Income from relevant engagements £A

Less: 
Statutory deduction (5% × £A) (X) 
NICs paid by employer (X) 
Expenses paid by the employer which would be deductible under employment income rules (X)
Pension contributions by employer (X) 
Salary paid by employer (X) 
Deemed salary including employer’s NICs £B

Less: Employer’s NICs (£B × 13.8/113.8)

Deemed salary £C

Ignore any dividends paid by personal service company

Illustration:

Jake has formed a limited company which is a PSC. Jake is the only employee of the PSC. During the year ending 31 March 2024, Jake will perform services via the PSC for a client which is classified as a small organisation for the purposes of the IR35 legislation. 

The budgeted fee income of the PSC for the year ending 31 March 2024 in respect of relevant engagements is £80,000. The PSC will pay Jake a gross salary of £35,000 for this period.

Solution:

The deemed employment payment will be calculated as follows:

Income in respect of relevant engagements 80,000
Less: 5% deduction  (4,000)
76,000
Less: Salary  (35,000)
Employer’s NIC on salary
(35,000 – 9,100) x 13.8% (3,574)
37,426
Less: Employer’s NIC on deemed payment
(13.8/113.8 x 37,426) (4,538)
Deemed employment payment 32,888

The PSC has the obligation to calculate and pay income tax and NIC on the deemed employment payment.

In order to prevent double taxation, dividends paid by the PSC to the worker out of this income, are exempt from income tax.

Services provided via a PSC to a medium or large sized organisation


In this situation it is the client, rather than the PSC, which is responsible for determining the status of the individual.
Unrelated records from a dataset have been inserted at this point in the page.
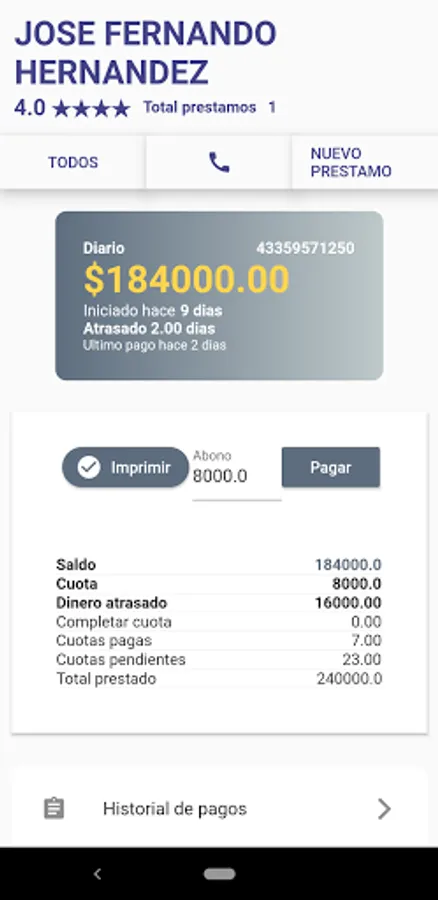 Loans of modality, Daily, Weekly, Biweekly, Monthly, Fixed date, Personalized (every two days, every 6 days etc.) can be registered.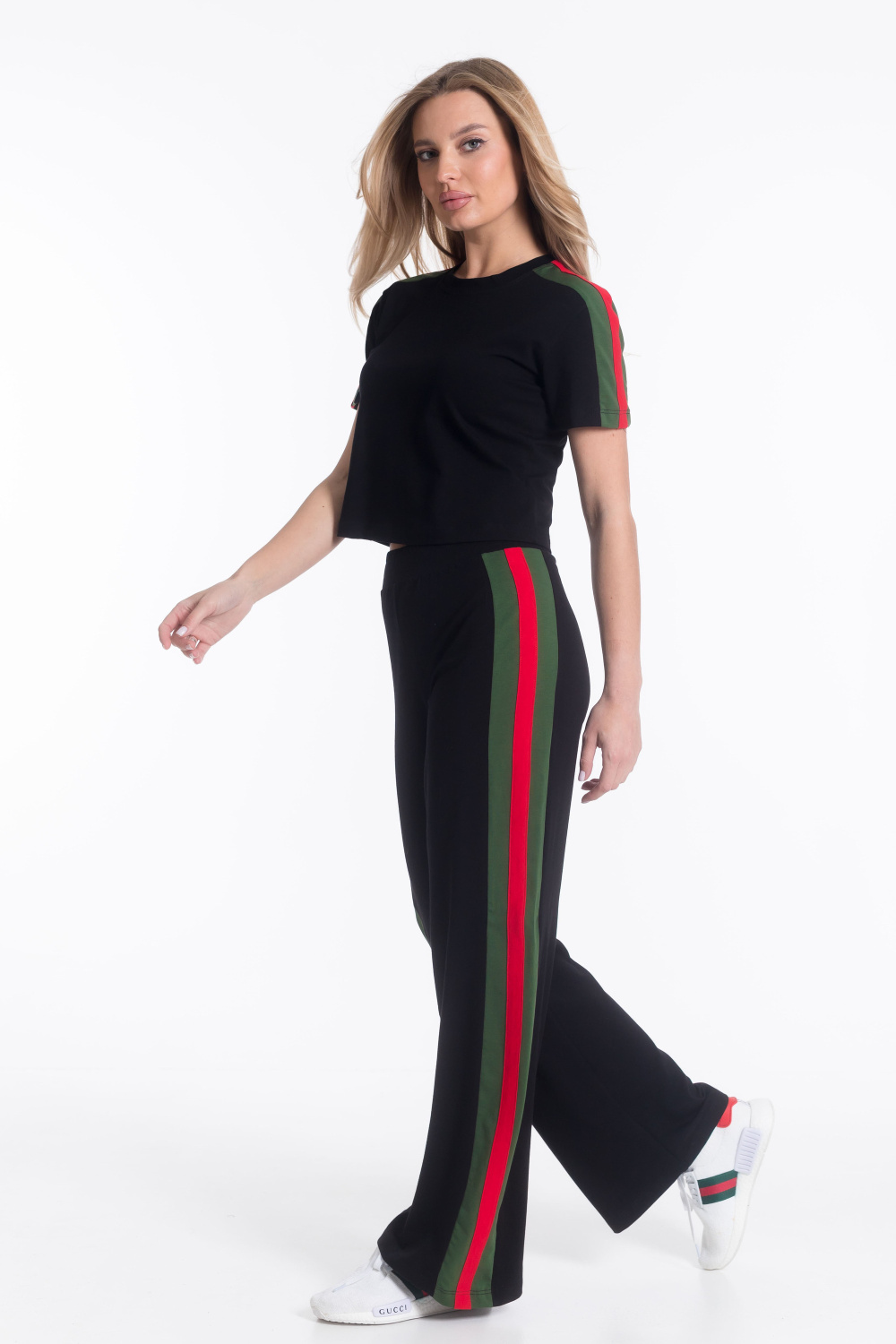 Женский костюм из х/б полотна с добавлением лайкры — отличный выбор для повседневной носки. Укороченная футболка с круглым вырезом горловины обеспечивает свободу движений, а свободные брюки с поясом на резинке и боковыми карманами гарантируют комфорт. Лампасы контрастного цвета на рукавах и брюках добавляют изюминку в дизайн костюма. Такой наряд подойдёт для прогулок, неформальных встреч или отдыха.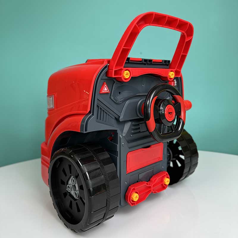 این اسباب بازی کامیون 61 تکه داره که شامل 1 عدد ریموت، 1 عدد آچار، 1 عدد پیچ گوشتی و 28 عدد پیچ ، 4 عدد شمع ماشین اسباب بازی ، چرخ و رینگ و ... هست که کودک می تونه شروع به تعمیر و مونتاژ اجزای ماشین اسباب بازی کنه.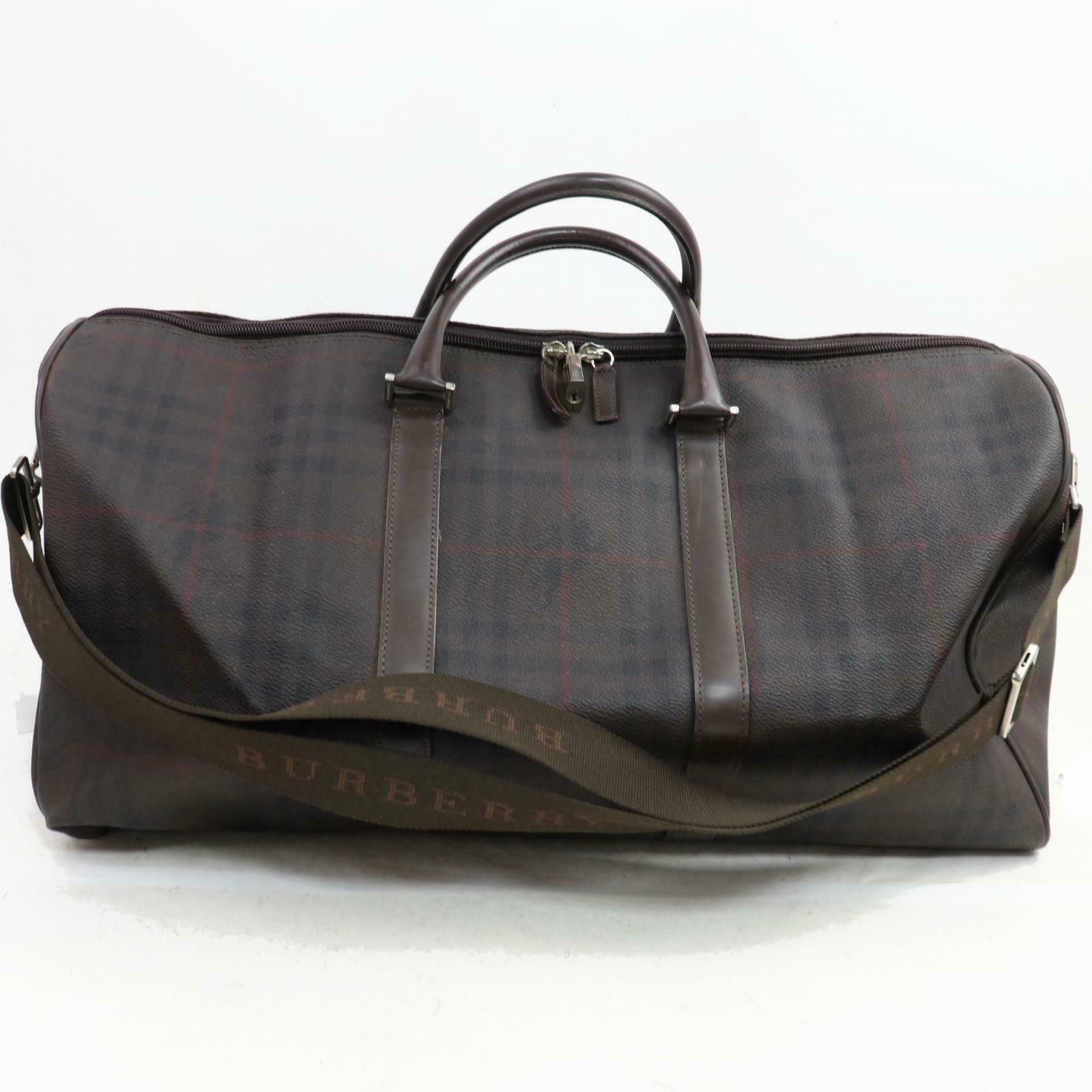This is an authentic Burberry London Boston Bag Dark Brown PVC Handbag. All photos are of actual Burberry handbag being sold. This item is in good condition, and will have visible signs of wear and/or use. Please view photos carefully for details. Pay close attention to sizes and measurements. Dimensions (HxWxD): 9.84" H x 9.44" W x 20.4" D. This item ships through LuxeDH from Japan - expect delivery within 4-8 business days.

The client will issue a Status Determination Statement to the individual.

Where it is determined that the IR35 rules apply, the client is then required to calculate and pay the income tax and NIC on the deemed direct payment (DDP). The DDP is calculated as follows:

Payment in respect of services provided(Net of VAT)  X
Less: Direct cost of materials incurred by the PSC  (X)
Less: Deductible employee expenses incurred by PSC  (X)
DDP  X

Illustration

Maria provides services via her PSC to a client which is classified as a medium or large sized organisation. The client has issued her with a Status Determination Statement stating that her services fall within the IR35 rules.

Maria sends her client an invoice for £10,000 (net of VAT). The PSC incurred deductible expenses of £750 and the direct cost of materials in respect of the services provided was £500.

The DDP is therefore £8,750 (£10,000 – £750 – £500). This payment will be chargeable to tax and NICs (employee and employer) in the same way as if Maria was a direct employee of the client.

In order to prevent double taxation, the DDP is deducted from any payment made by the PSC to the worker before calculating the tax and NICs due in respect of such payment.